Comment on Walsh et al. “The statistical significance of randomized controlled trial results is frequently fragile: a case for a Fragility Index” J Clin Epidemiol 67: 622-628, 2014

Despite common misconceptions, a p-value does not tell us anything about truth (i.e. that an observed finding in a sample is representative for the underlying population of interest); it only describes the probability that a difference at least as large as the one being observed could have been found based on chance alone if in reality there is no difference. A p-value can no longer be interpreted at face value if the data being analyzed do not represent random samples, for instance because of unconscious bias in sampling, study execution, data analysis or reporting. Even worse, it can no longer be interpreted at face value if the investigators have actively violated the randomness principle by p-hacking (Motulsky, 2014). Even if none of this has happened, a relevant percentage of statistically significant findings may be false – a phenomenon largely driven by the a priori probability of an observation (Ioannidis, 2005). Add on top of these problems the issue of small sample sizes leading to fickle p-values (Halsey et al., 2015).

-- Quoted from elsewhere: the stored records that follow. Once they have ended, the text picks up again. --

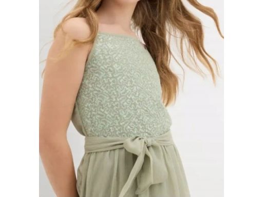 B.P.C szyfonowa sukienka dziewczęca oliwkowa z cekinami ^158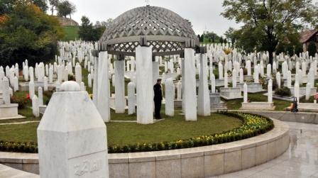 Saraybosna Kantonu İçişleri Bakanlığı’ndan yapılan açıklamada Aliya İzzetbegoviç’in Kovaçi Şehitliği’ndeki anıt mezarına sivri bir cisimle ”kaşikara” (el bombası) yazıldığı belirtildi.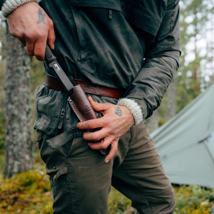 Neu ist die braune Lederscheide, die in beiden Varianten beiliegt. Sie besteht aus vegetabil gegerbtem, europäischem Leder, ist LWG zertifiziert und deutlich hochwertiger verarbeitet als frühere Morakniv Scheiden. Das Design wirkt aufgeräumt, skandinavisch schlicht, aber funktional. Ein praktischer Gürtelhalter sorgt für sicheren Sitz, ohne beim Gehen zu stören.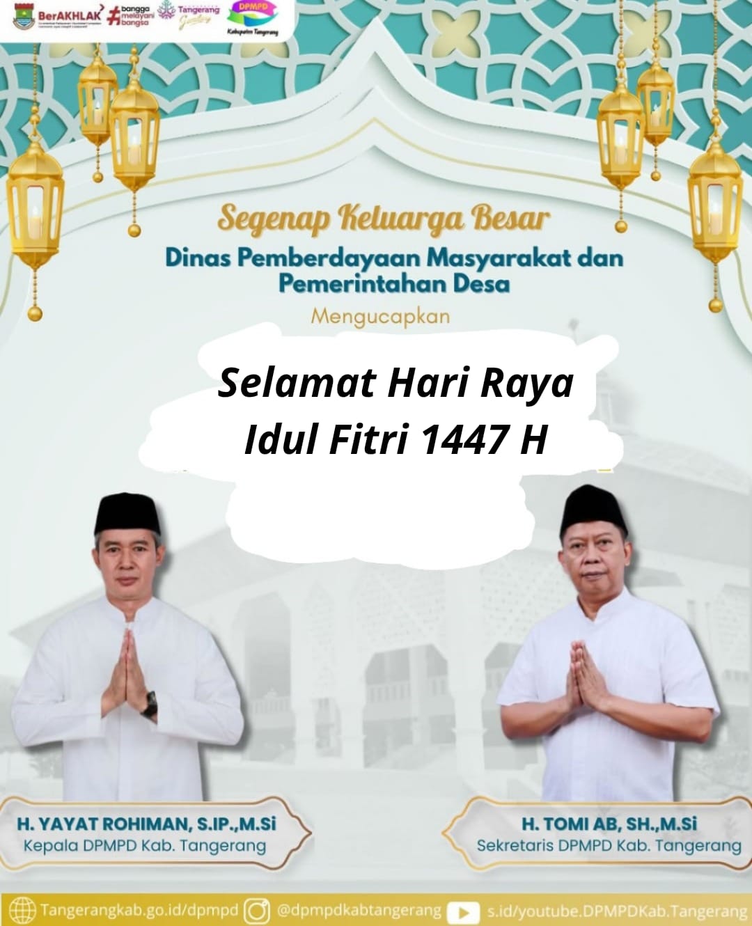 Segenap Keluarga Besar Pimpinan Jajaran dan Staf Dinas Pemberdayaan Masyarakat dan Pemerintah Desa Kabupaten Tangerang Mengucapkan Selamat Idul Fitri 1447 H Tahun 2026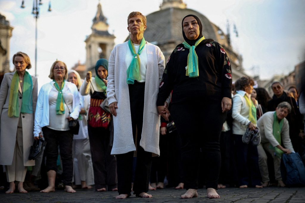 Yael Admi and Reem Al-Hajajreh hold hands as they take part in the ‘Barefoot walk: Mothers’ call for peace’ demonstration in Rome, Italy, on March 24, 2026. PHOTO BY GUGLIELMO MANGIAPANE/REUTERS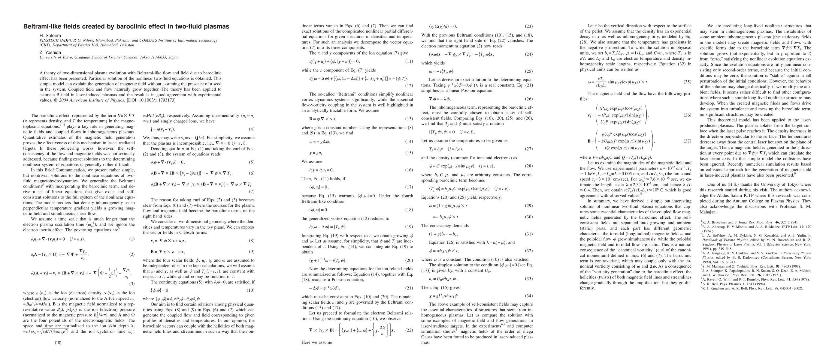 Researchers developed a new theory explaining how magnetic fields form in plasmas without needing a seed, using baroclinic effects and nonlinear equations.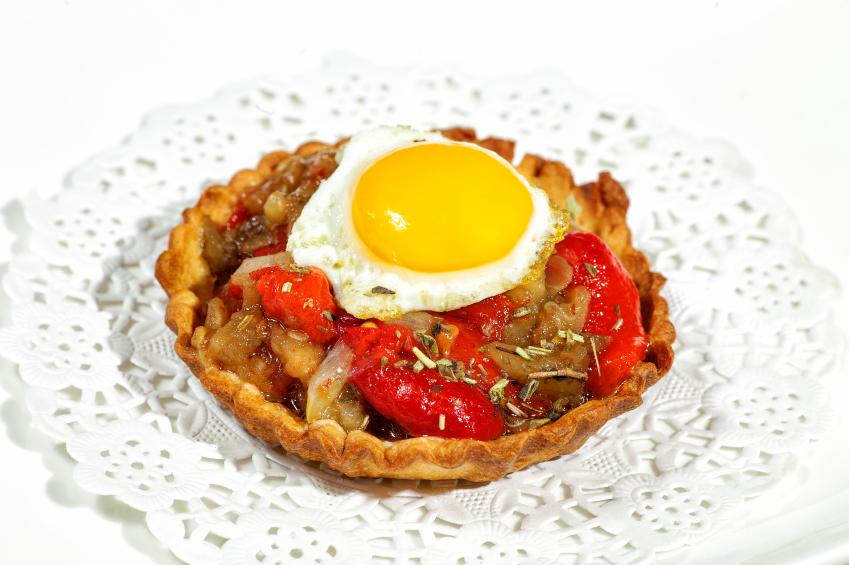 Puedes comprar la escalibada ya hecha o los ingredientes ya asados, pero también puedes hacerlo en casa. Asa todos los ingredientes de la escalibada en el horno, intenta no abrir el horno muy seguido para comprobar como va, y agrégale aceite, sal y un poco de pimienta. Cuando veas que está bastante asado todo pero aún le queda un poco para terminar de asarse bien, retira las verduras del horno para trocearlas en trozos pequeños o en tiras y colócalos en las tartaletas, pon un en cada una encima de las verduras y espolvorea un poco de orégano. Vuelve a meter todo ya listo en el horno y deja que termine de cocerse todo despacio, a una temperatura no muy alta. Cuando veas que las verduras y el huevo ya están del todo cocidos retira las tartaletas y ya las tienes listas para servir.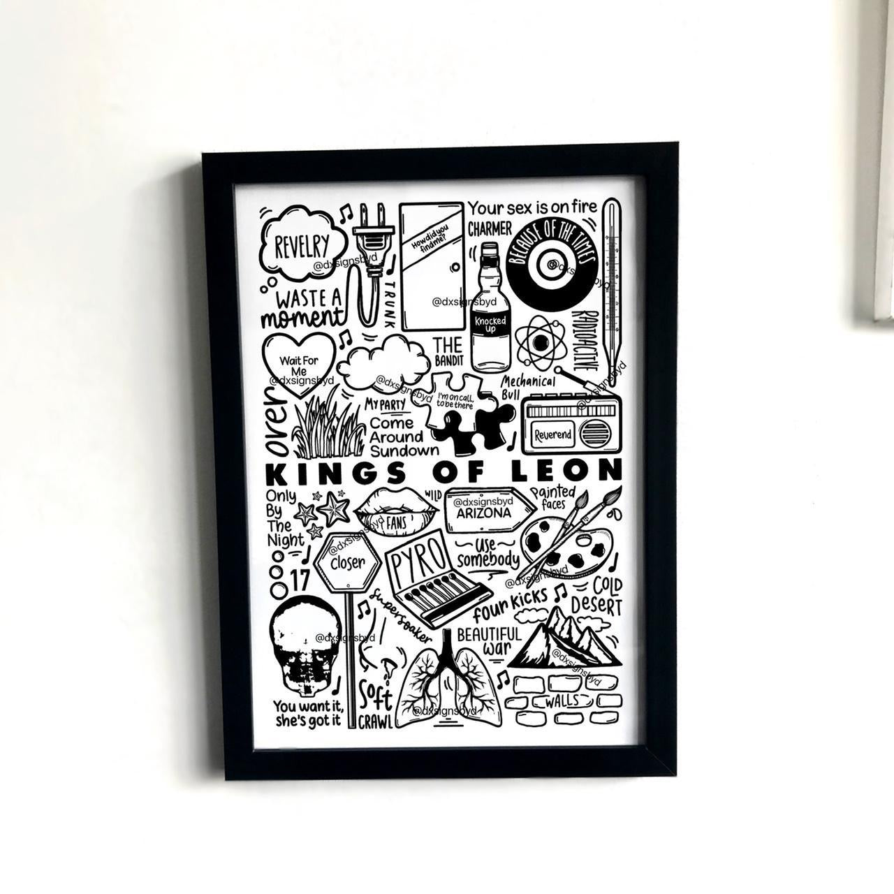 🎶Affiche Kings Of Leon avec des images et des paroles de chansons de leurs albums tels que Walls, Mechanical Bull, Only By The Night et When You See Yourself.

Canadian investigators have added an additional spin to this (Walsh et al., 2014): They performed modelling experiments based on 399 randomized controlled trials in which they added events to the control group in a step-wise fashion until the p-value exceeded 0.05 and called this the Fragility Index. Interestingly, the Fragility Index was smaller than the number of patients lost to follow-up in 53% of trials being analyzed. These findings show that the statistical significance of results from randomized clinical trials hinges on a small number of events. This highlights the general recommendation to focus reporting on effect sizes with confidence intervals and not on p-values (Michel et al., 2020).